Negação da agência do escravizado.
Capítulo 4
Ainda a exposição museológica - O Museu
conclama a Etnicidade?
Conclusões
REFERÊNCIAS
Capítulo 1
Museus e Etnicidade
Ao visitarmos um museu, mal percebemos a complexidade do sistema de relações sociais e simbólicas que tornaram possível a sua formação a asseguram o seu funcionamento. Percorrendo o circuito das exposições, somos levados a esquecer todo o processo de produção de cada um dos objetos materiais expostos, a história de cada um deles, como chegaram ao museu, assim como todo o trabalho necessário à sua aquisição, classificação, preservação e exibição naquele espaço. Os agentes e as relações que tornaram possíveis esses processos ficam na penumbra, em favor do enquadramento institucional dos objetos numa determinada exposição.

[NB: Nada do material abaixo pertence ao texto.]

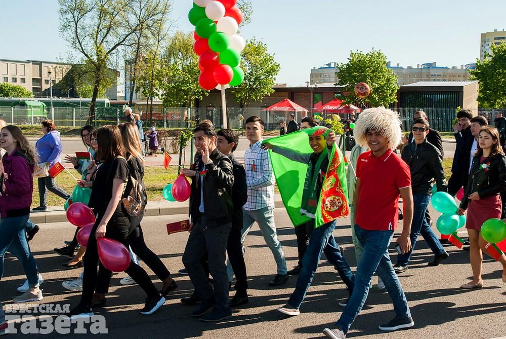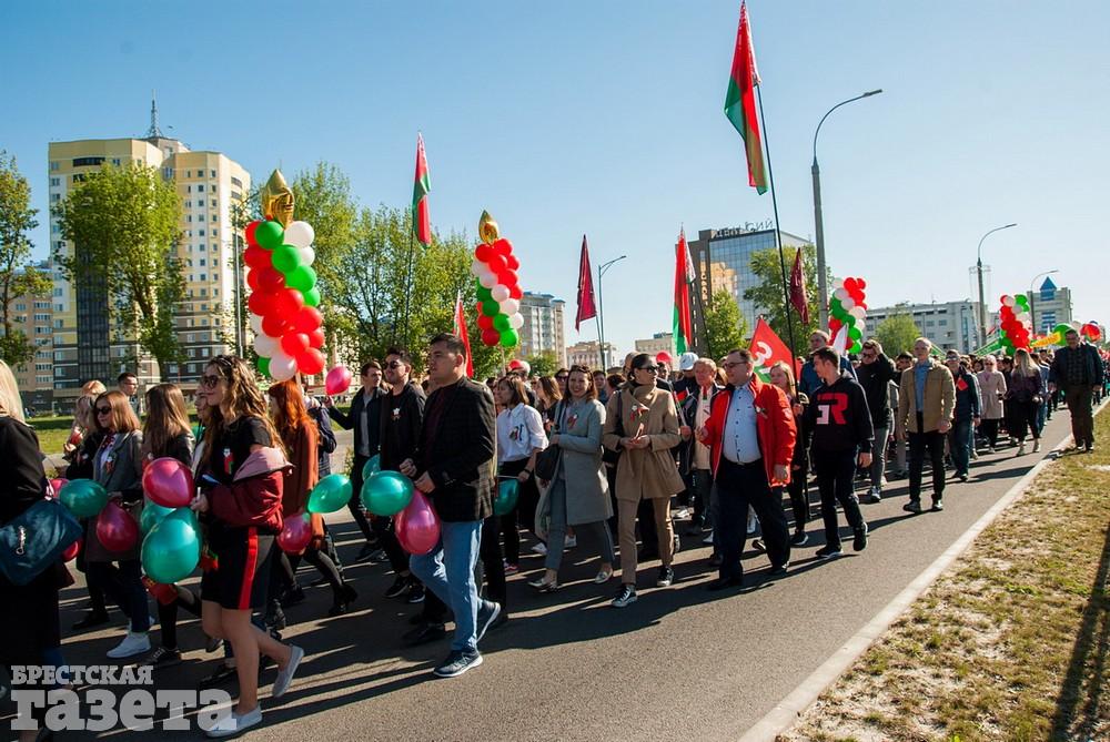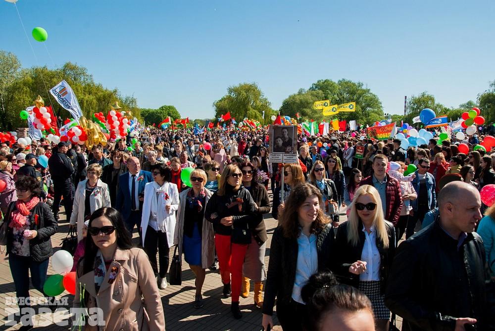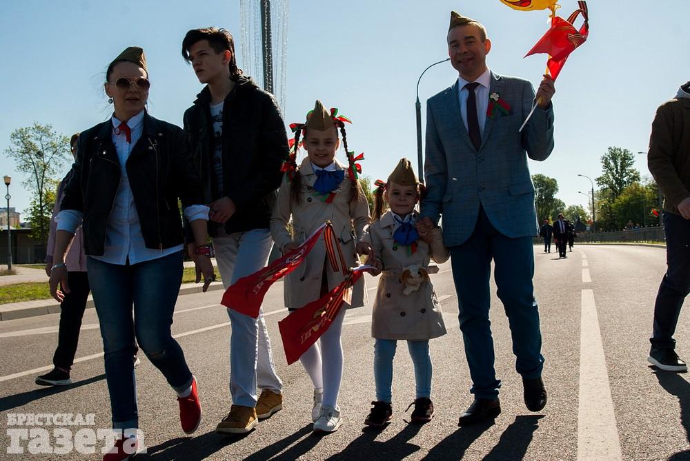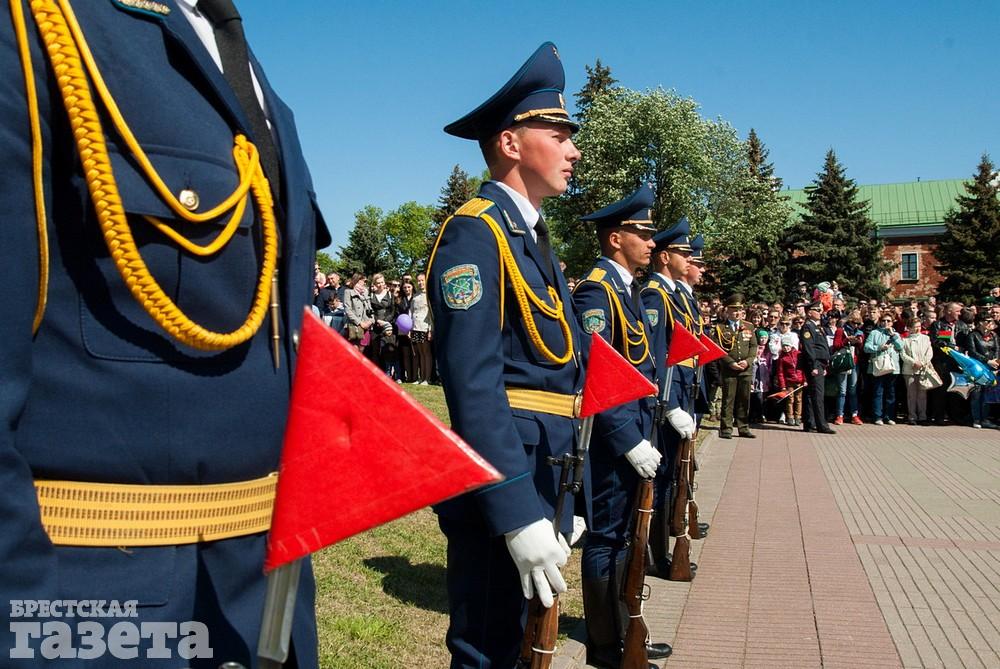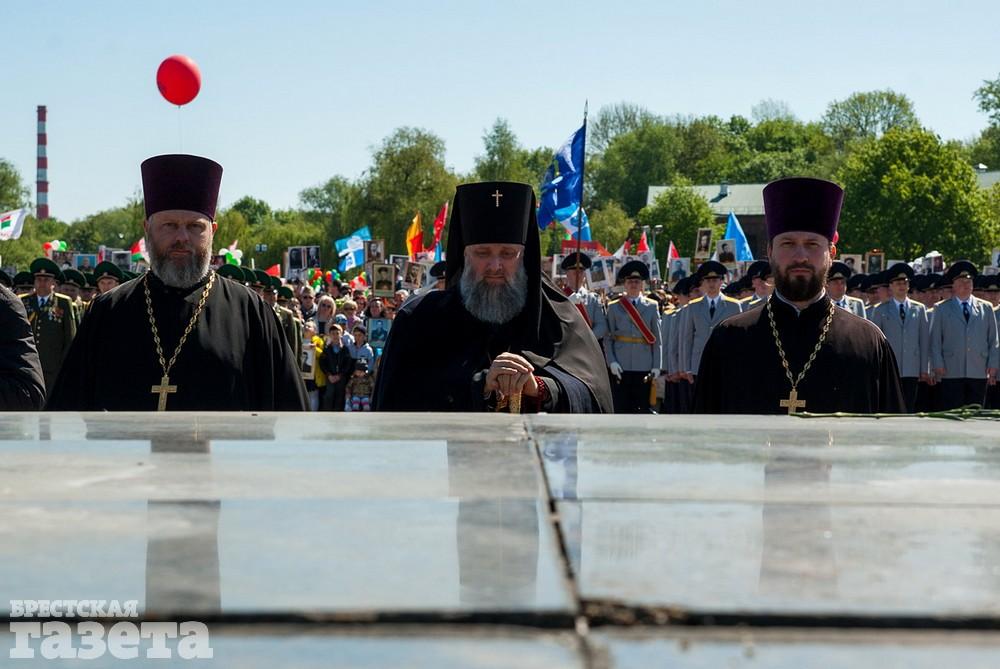 Руководство области и города, ветераны, представители общественных организаций, трудовых коллективов, молодежь 9 Мая традиционно организованной колонной проследовали к Брестской крепости. Вместе с брестчанами в мемориальный комплекс пришли гости города. К Вечному огню и плитам некрополя возложили цветы, память павших на войне почтили минутой молчания.

[José Reginaldo Gonçalves]
Lidamos, no tempo presente, com a herança cultural que podemos impingir aos objetos. É como se eles possuíssem uma aura por causa de valores extras que lhes são atribuídos com o correr do tempo e outros que lhes são também atribuídos quando em coleções de patrimônio, como ocorre com os artefatos colocados em museus. Relíquia, semiósforo, objetos históricos: seus compromissos são essencialmente com o presente, pois é no presente que eles são produzidos ou reproduzidos como categoria de objeto e é às necessidades do presente que eles respondem
(MENESES, 2005, p. 26).
Embora os objetos antigos tenham sido produzidos no passado, eles possuem seu valor acrescido àquele de uso cotidiano quando de sua produção. É, pois, no tempo presente que o objeto antigo figura no museu com valor cognitivo e sensorial já não mais no nível individual, mas coletivo. Ou seja, no social mais ampliado. Entre os valores conferidos aos objetos por causa da chancela do tempo, estão o de memória e o de história. Costumamos eleger alguns objetos, independentemente do seu valor de uso social, para reter, comemorar, fixar e reconhecer uma experiência vivida em sociedade. Assim, escolhemos alguns artefatos unitariamente ou em conjunto, ou mesmo de grandes proporções na forma de um bem arquitetônico, por exemplo. Fornecemos a eles a alcunha de portadores de sentido específico ou de qualidade excepcional de determinada pessoa ou demarcadores de experiências sociais de uma ou mais fases de um processo histórico, bem como de um feito específico.
Passamos, então, à percepção do que é a cultura material nos museus. É preciso ter claro que a Cultura Material é condição de existência do museu. Disciplina, que pode se articular a outras como a arqueologia e a antropologia para estudo de processos e articulação de contextos.